[Work to be completed]
An exact reproduction is required of the lines from the beginning of the entries through the line with "의좋은 형제공원 주차장으로", pictures excluded and nothing added.

[Task input]
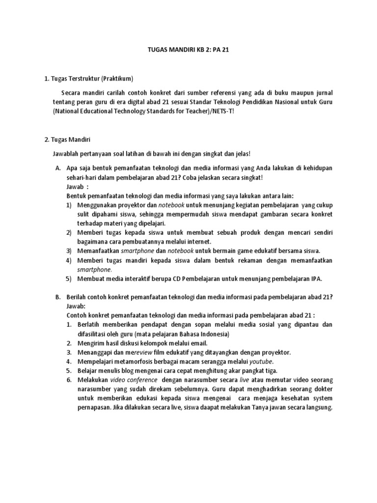 / Salah Satu Contoh Tugas Mandiri Siswa Yaitu : Doc Tugas Mandiri Diksar Untuk Guru Paud Samia Fuhaid Academia Edu : Ternyata terjadi kekeliruan, yaitu ada satu halaman yang.
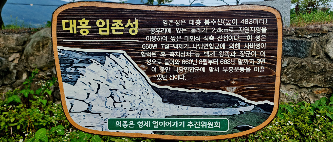 의좋은 형제공원 주차장으로 들어가면 대흥 임존성 안내판이 있는데 임존성은 봉수산(해발 483m)봉우리에 있는 둘레 2,4km의 자연지형을 이용해 쌓은 테뫼식 석축산성으로 660년 7월 백제가 나당 연합군에 의해 사비성이 함락된 후 백제왕족과 흑치상지등 장군이 이 성으로 들어와 660년 8월 부터 663년 말까지 3년여 동안 나당 연합군에 맞서 부흥운동을 이끌었던 성(城)으로 의좋은 형제공원과는 지근 거리에 있는 城이다,
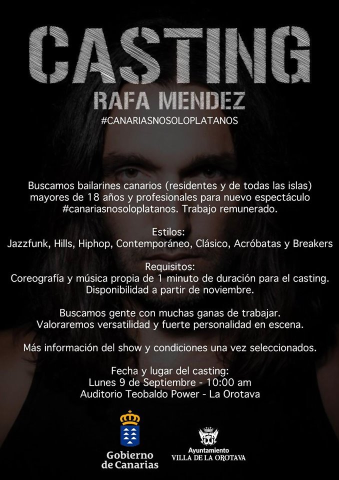 Méndez está buscando artistas exclusivamente canarios, mayores de edad, que sean residentes y de cualquiera de las islas. Deberán tener una coreografía y música propia de 1 minuto de duración para el casting, en cualquier estilo: jazzfunk, heels, hiphop, contemporáneo, clásico, acróbatas y breakers. Los bailarines se darán cita en el citado auditorio a partir de las diez de la mañana, y el conocido bailarín profesional portuense, Rafa Méndez, y el alcalde de La Orotava, Francisco Linares, aprovecharán la ocasión para presentar este nuevo proyecto.
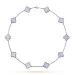 Vintage Alhambra necklace, 10 motifs, rhodium plated 18K white gold, chalcedony.
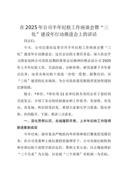 【七哥公文】2025年:在2025年公司半年纪检工作座谈会暨“三化”建设年行动推进会上的讲话+更多免费公文+VX:QiGeGongWen2024
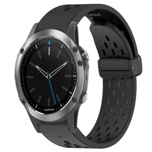 Correa de Silicona para Garmin Quatix 5 con Orificio y Hebilla Plegable 22mm (Negro)
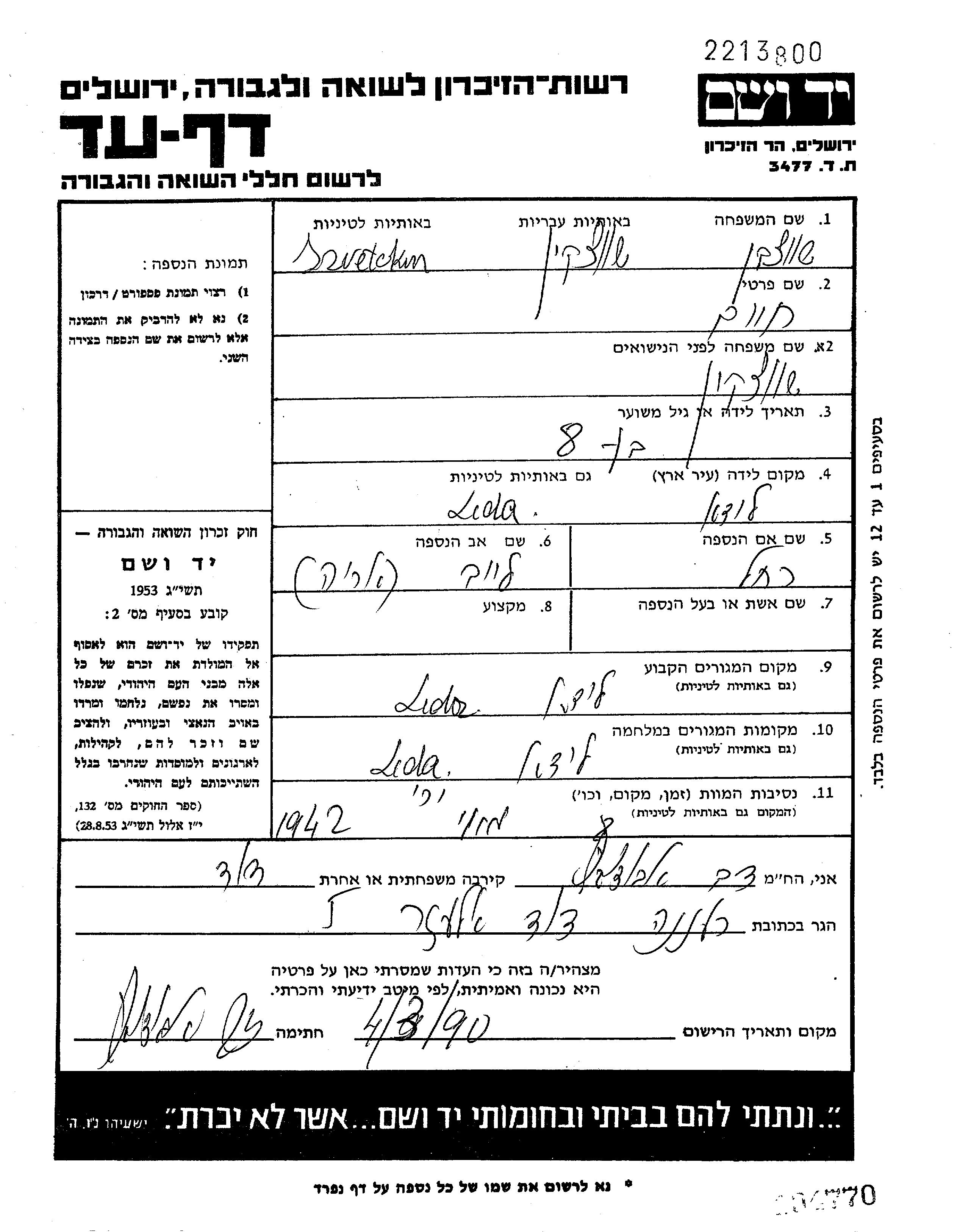 Хаим Швецкин, место рождения: Лида, Польша. Отец: Лейб Арье, mать:Рахель, девичья фамилия Абодовиц. Ребенок. Место жительства до войны: Лида, Польша. Место во время войны: Лида, Польша.
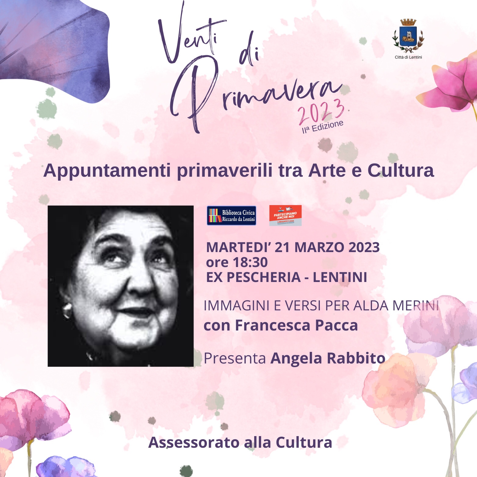 Ieri sera è stata la Ex Pescheria ad accogliere una originale composizione di musica, immagini e versi, partorita dalla irresistibile vena poetica di Pippo Cardello, presentata da Angela Rabbito, una performance magistrale di Francesca Pacca degli Amici di Casa Costa, che abbiamo imparato a conoscere negli scorsi Venti di Primavera.
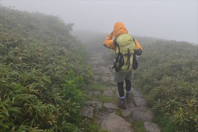 | 御浜小屋で引き返す方がほとんど 鳥海山山頂に向かった若者達(ふたり組、単独)は大丈夫だろうけど 笙ヶ岳方面に向かったご夫婦はどうしたかな? |
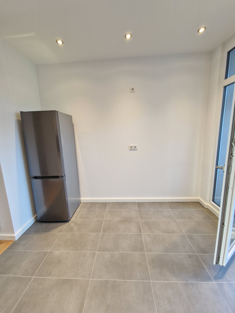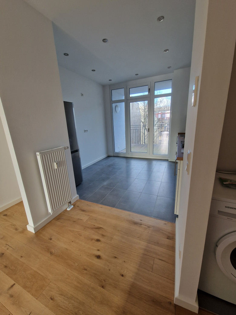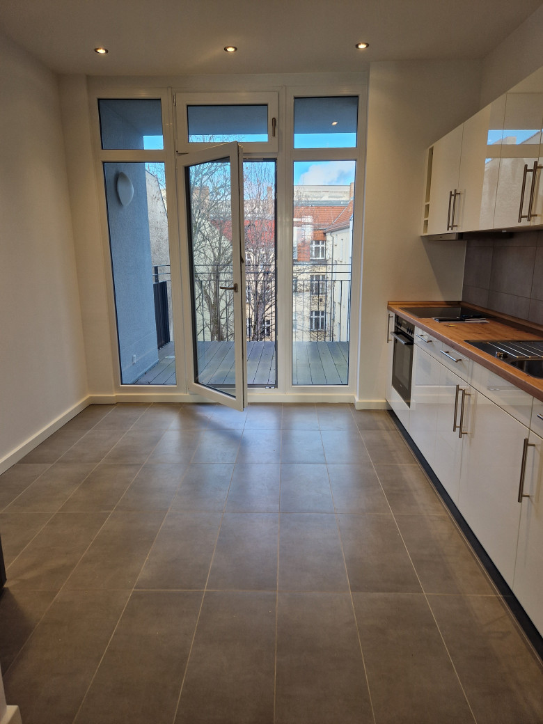 Die vollausgestattete Küche hat einen Fliesenfußboden und verfügt über moderne Geräte und es geht ein Balkon zum Innenhof ab.
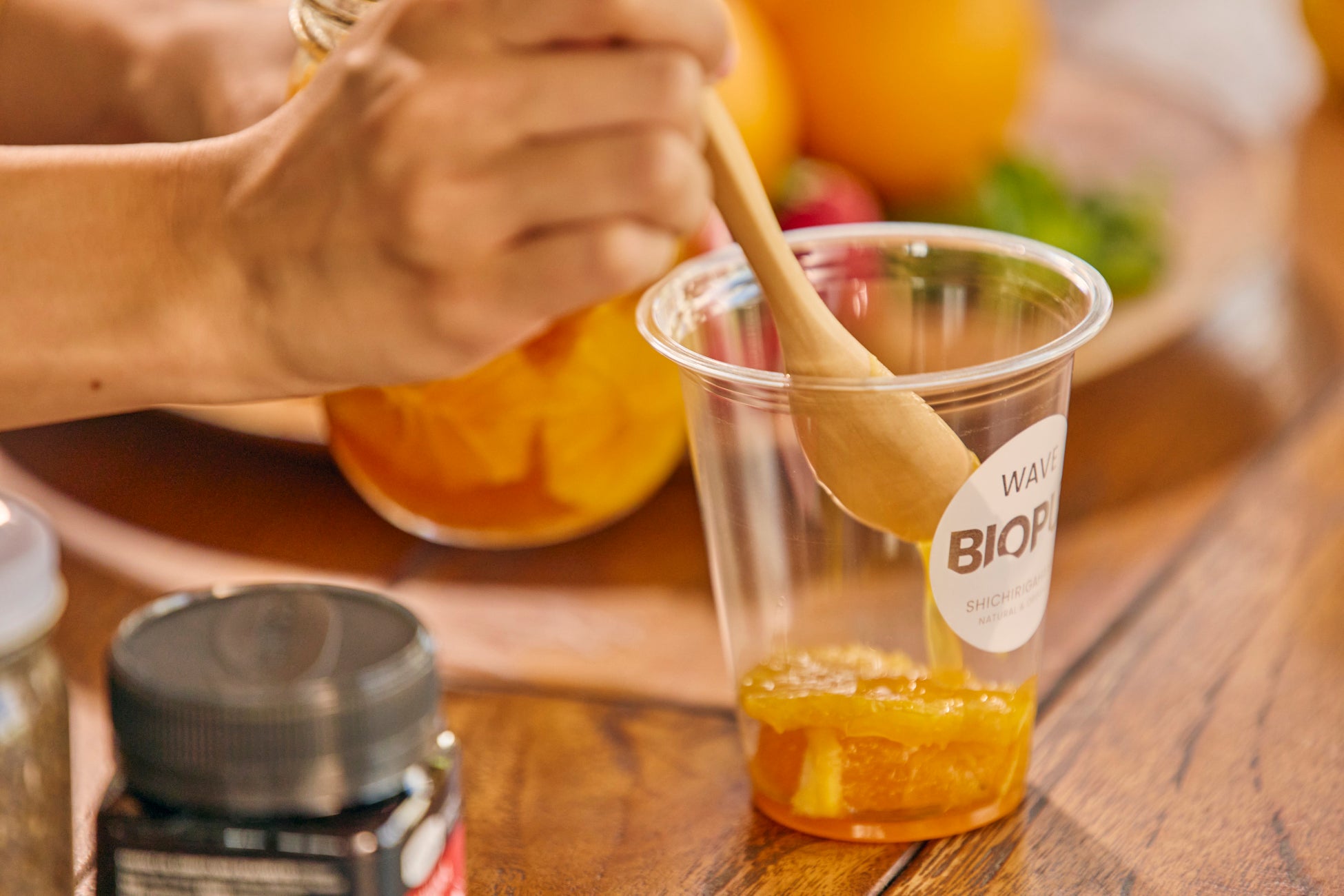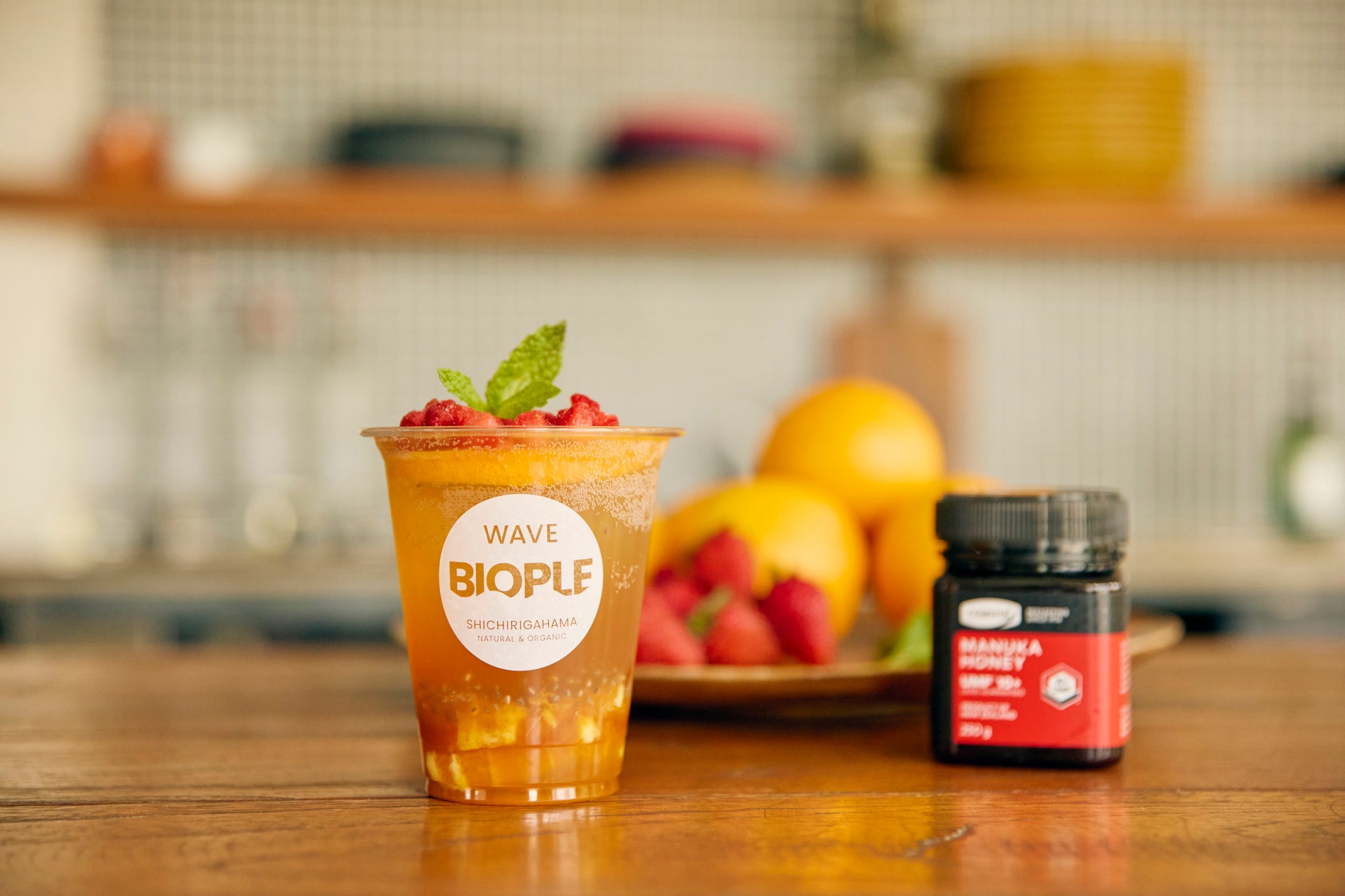 Biople七里ヶ浜店を期間限定ジャックする、Biople × COMVITA「Special Collaboration Month」実施記念として、伊原 葵さんによる、コンビタマヌカハニーを使用した、スペシャルコラボティーを開発。
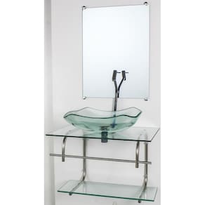 Gabinete De Vidro P/Banheiro Inox 70Cm Cuba Abaulada Incolor
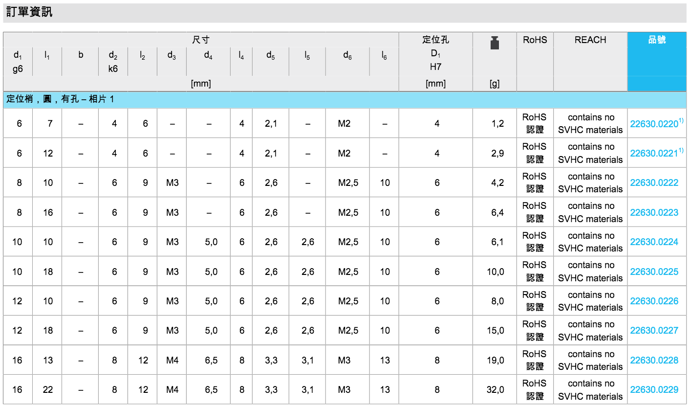 EH 22630.定位梢 有孔 类似 DIN 6321(28种规格)
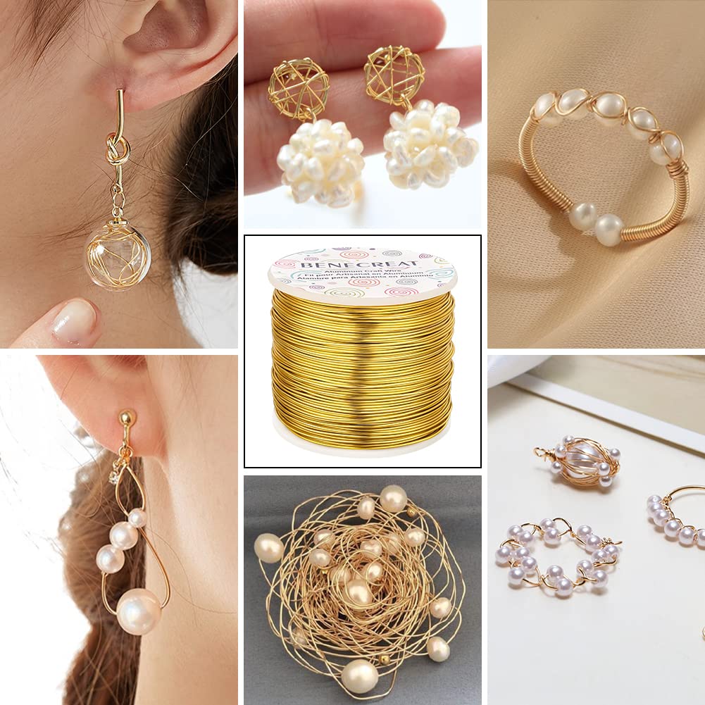 BENECREAT 9 10 12 15 17 18 20 Gauge Gold Aluminum Wire (18 Gauge,492 FT) Anodized Jewelry Craft Making Beading Floral Colored Aluminum Craft Wire for Garden, Model Making

[Answer space]
 / Salah Satu Contoh Tugas Mandiri Siswa Yaitu : Doc Tugas Mandiri Diksar Untuk Guru Paud Samia Fuhaid Academia Edu : Ternyata terjadi kekeliruan, yaitu ada satu halaman yang.
 의좋은 형제공원 주차장으로 들어가면 대흥 임존성 안내판이 있는데 임존성은 봉수산(해발 483m)봉우리에 있는 둘레 2,4km의 자연지형을 이용해 쌓은 테뫼식 석축산성으로 660년 7월 백제가 나당 연합군에 의해 사비성이 함락된 후 백제왕족과 흑치상지등 장군이 이 성으로 들어와 660년 8월 부터 663년 말까지 3년여 동안 나당 연합군에 맞서 부흥운동을 이끌었던 성(城)으로 의좋은 형제공원과는 지근 거리에 있는 城이다,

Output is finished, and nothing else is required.